Of Borderlands, Willingness and Shifts in Consciousness…


Leaving the world as it is, and entering the border between the world as it was, and presently exists in the newly leveraged chaos of change requires courage and faith. It also asks for willingness to acknowledge that one has entered the unknown.

Like our protagonists, each time we venture to write a new story or novel we exit the comfort zone of what we have accomplished, and depart once more into that land of yearning and desire. We strive to bring our characters into new life by transferring them from the mind of our imagination, onto the eye and landscape of the blank page, that of our computers or notebooks and ultimately to that of the published book, or the lighted screen of a Kindle, Nook, or some other electronic reading device.

Fear accompanies this declaration of the goal we seek to achieve. Sometimes we experience a momentary sigh of relief, that we have begun the task long held at bay.

Aggravation and frustration arise when encountering the obstacles of stalled plots or perhaps characters that want to have their way.

Good stories abound with obstacles?

The best contain monumental hills and valleys that challenge our will as writers, and the physical and mental strengths of our characters.

Acceptance of the challenge stirs a vicissitude of emotions that mark our journey on an internal level.

On the physical plane we come to learn the rules of writing and discover our strengths and weaknesses in crafting stories.

Simultaneously our central character(s) meet rivals as they learn the order of the new world into which they have been thrust.

Entering this borderland region marks the move from the beginning of a story to that of the middle where through challenge conflict a new person emerges, both in our protagonist, and us as writers. No author is the same after completing a book.

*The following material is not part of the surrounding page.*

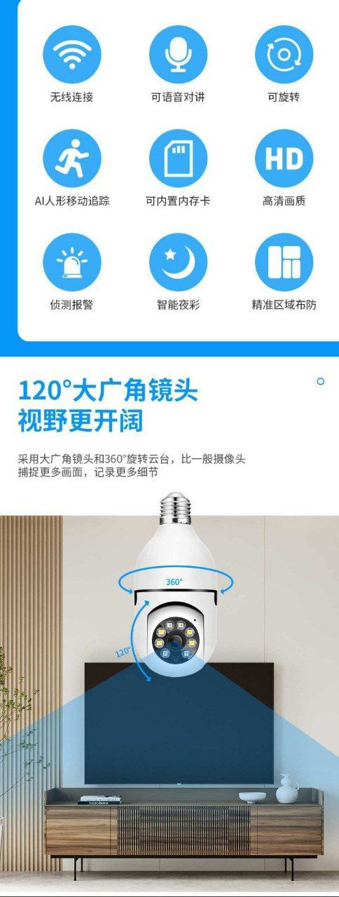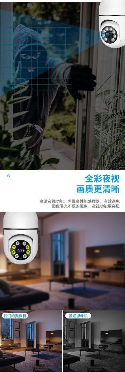 Caméra ampoule sans fil double lumière couleur 360 degrés wifi surveillance à distance caméra maison

Likewise the person we become does not remain when we start a new work.

And hopefully those who read our books will experience a transformation that moves them to tell another about our work.

How much has writing changed you?

What part of your identity has undergone the greatest transformation as a result of crafting your stories?

What has been the most moving book you have read?

What novel or story that you have written has affectated the greatest shift in consciousness?